Over the last couple of weeks, I have been having intense discussions with my teammates on how to think, understand and process situations more deeply.

A challenge many of us encounter in our lives often is not being able to understand the root of any issue in its entirety. As a consequence, we struggle to solve issues and move forward. We take things at face value without trying to get deeper into the matter. As a consequence, execution becomes inefficient, and individuals become unproductive. Worse, we don’t even recognize that our ineffective handling of the situation is the cause of all the inefficiency.

To make this point clearer, let me illustrate with an example.

Imagine you are in a meeting or a conversation with someone, trying to elicit a favorable response to some request or requirement, and the person raises an objection.

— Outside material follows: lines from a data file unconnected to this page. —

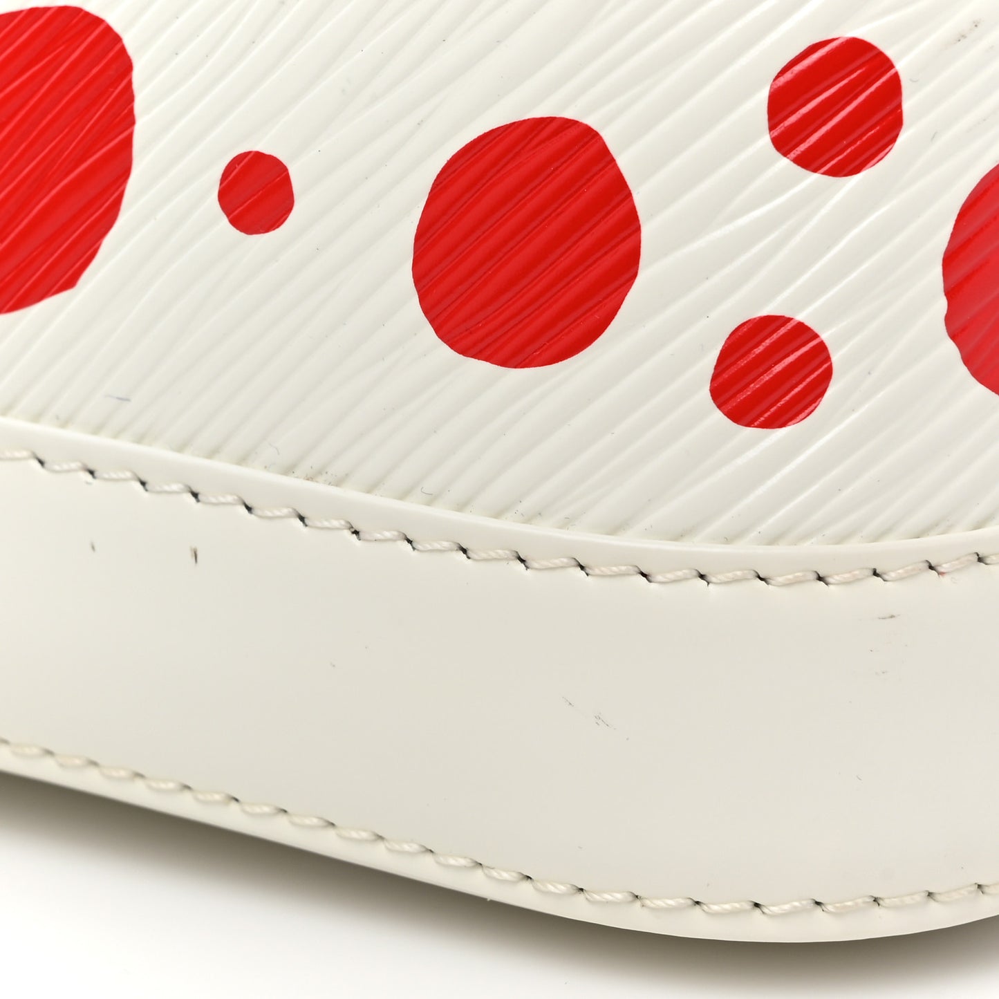 This is an authentic LOUIS VUITTON LV X YK Epi Alma BB in White. This stunning bag features a graphic polka dot pattern from artist Yayoi Kusama printed in white on red Louis Vuitton coated canvas canvas. The bag features red rolled leather top handles and trim with silver hardware. The top zipper opens to a red fabric interior with a flat pocket.Follow this item for alerts. Louis Vuitton is a registered trademark of Louis Vuitton. FASHIONPHILE is not affiliated with Louis Vuitton.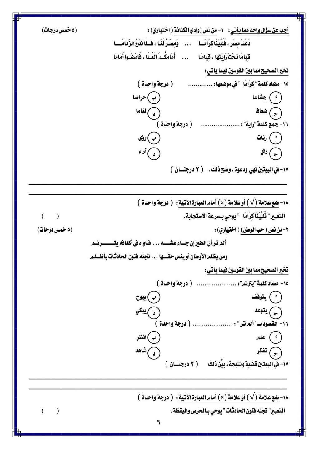 حل امتحانات عربي للصف الثالث الإعدادي الترم الأول 2026 النموذجي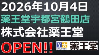 ドラッグストアOPEN予定!【2026年10月4日】薬王堂宇都宮鶴田店

Let’s say the person says, ” Broadly, I get what you are saying, but I think it’s a big decision, and I don’t know if I want to look at this right now. There is a lot on my plate presently.”

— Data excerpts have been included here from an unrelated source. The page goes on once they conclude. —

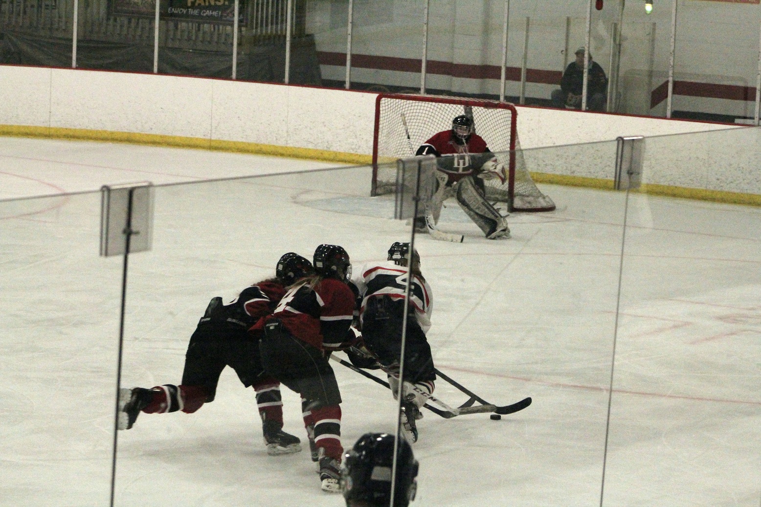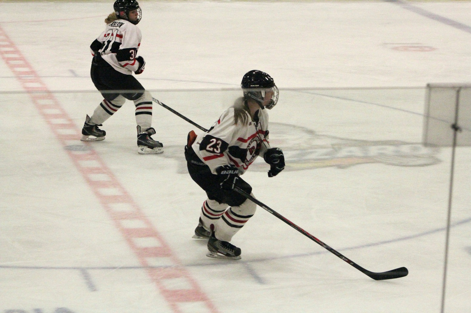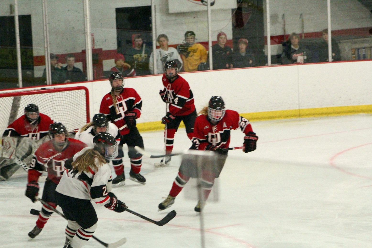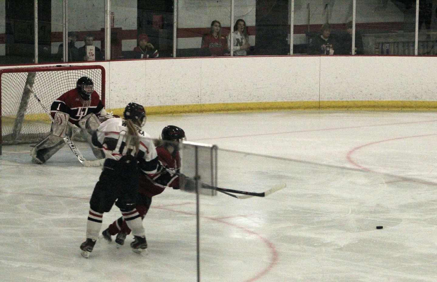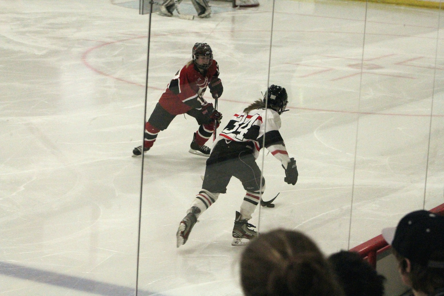[Looks like Hanah’s in front, can’t tell who has the puck?]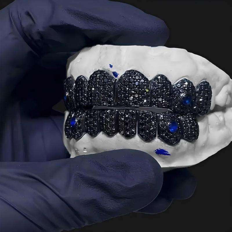 กริลล์ซ์เงินแท้ 925 ประดับมอสซาไนต์สั่งทำพิเศษ งานละเอียด ระยิบระยับ สไตล์ฮิปฮอป ขายส่ง แฟชั่นสุดฮิต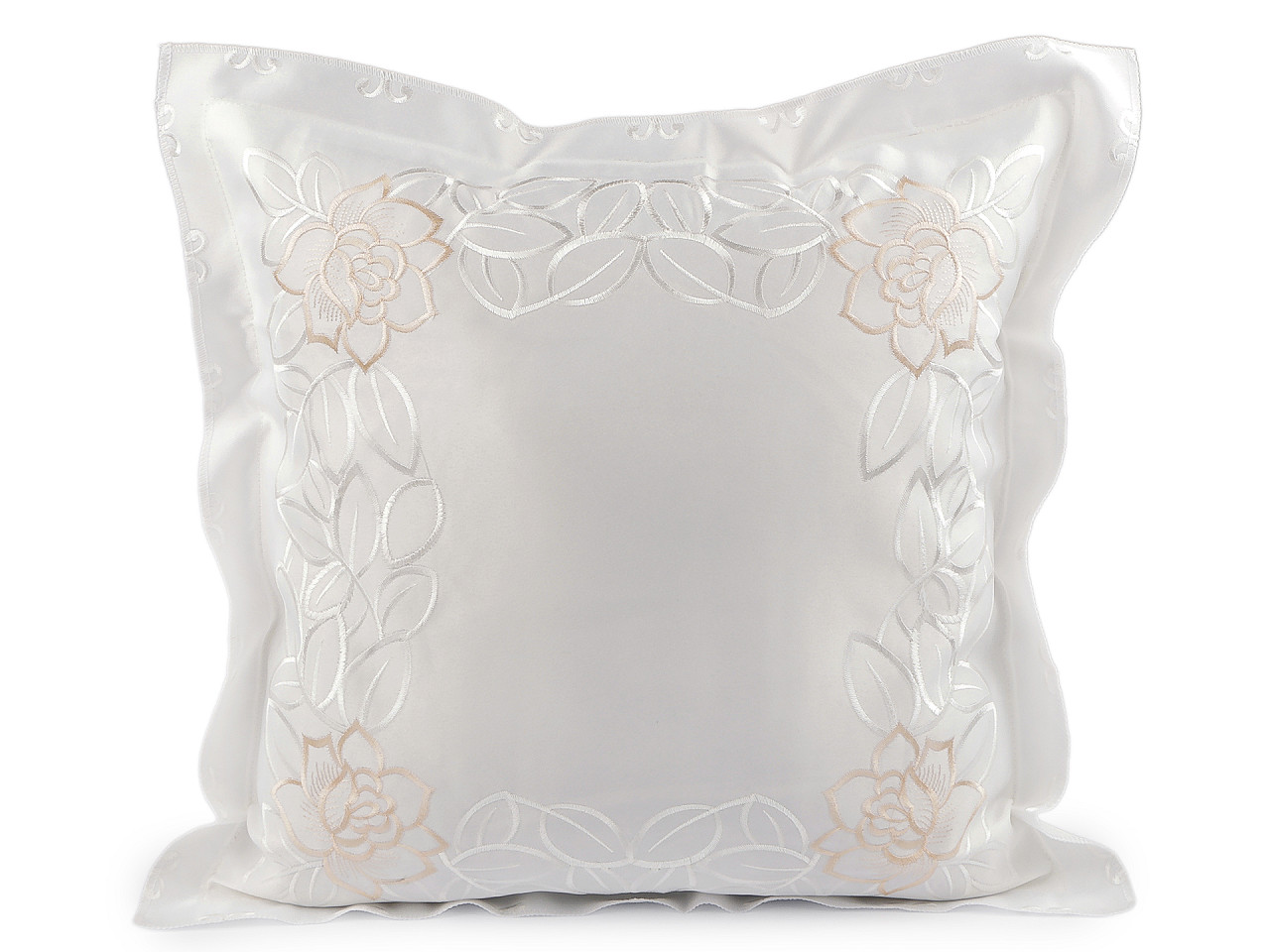 Povlak na polštář vyšívaný 45x45 cm, střední, 3 bílá béžová světlá

Because the need is yours and because the other person raised an objection or concern, you straightaway react by trying to justify your position.

” I know it’s a big decision, but this is definitely beneficial to the organization. Please let me know if I can help with any other information here; I’ll be glad to provide it.”

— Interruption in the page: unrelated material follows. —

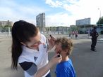 Здесь же на площадке перед стадионом желающие могут и мячик слегка попинать,
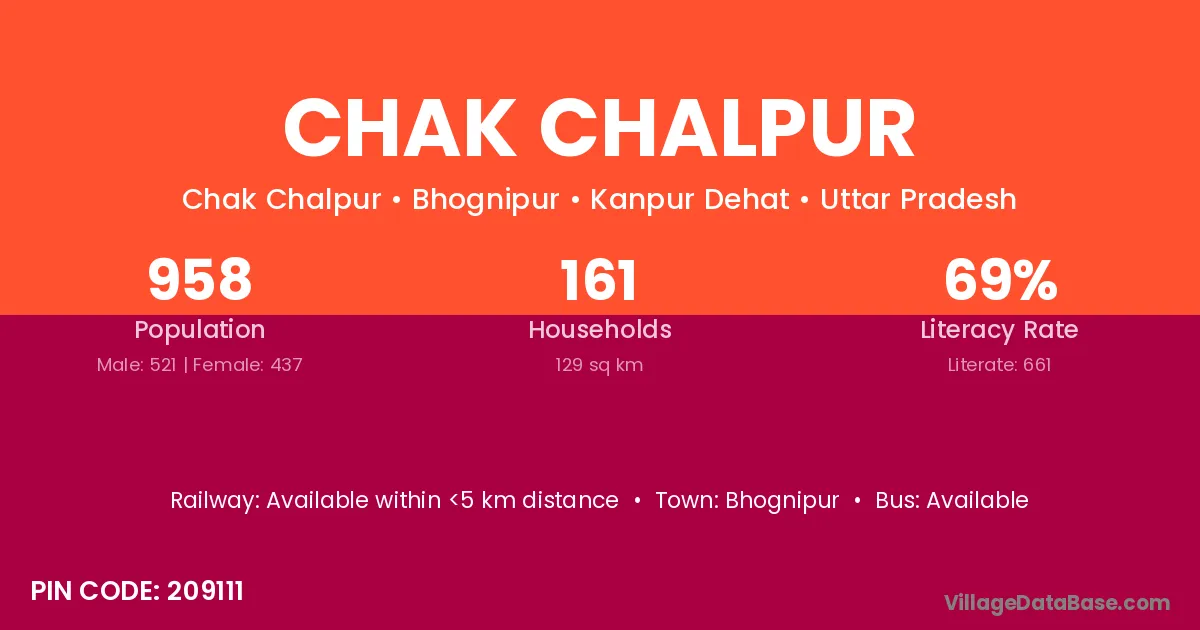 Chak Chalpur village has a total population of 958 people, of which 521 are males and 437 are females.

The person says he will consider your proposition and come back to you. Two weeks pass. Nothing moves, and you start building a story in your mind that the other person is being difficult. After all, you have done everything required, the other person had some concerns, and you have addressed them. You even requested him to come back to you if he had any queries or concerns.  

This is a typical situation where the better and perhaps the correct approach would have been to take a pause to process what the person has said, make an effort to understand the concern more deeply instead of assuming you know exactly what the other person is trying to say.

What would deep thinking in this situation look like?

It would be a series of questions that would crop up in your mind based on the comment the other person made. The questions could be-

  • He says he understands the proposal I am putting forth. Is he really getting it? What if he has not understood the full benefit of what I have explained? Can I validate his understanding?
  • I wonder why he would want to postpone a decision just because the decision is risky(Big as he says)?
  • Is there something I could have done differently to inspire confidence in him? Would sharing formal evidence of value help shift his mindset?
  • I wonder what all is on his plate presently? Can I help with anything? If I helped him, he might be more open to looking at my proposal. 

When you think deeply, your mind processes everything through self-directed questions. The questions then lead you to handle the situation more effectively.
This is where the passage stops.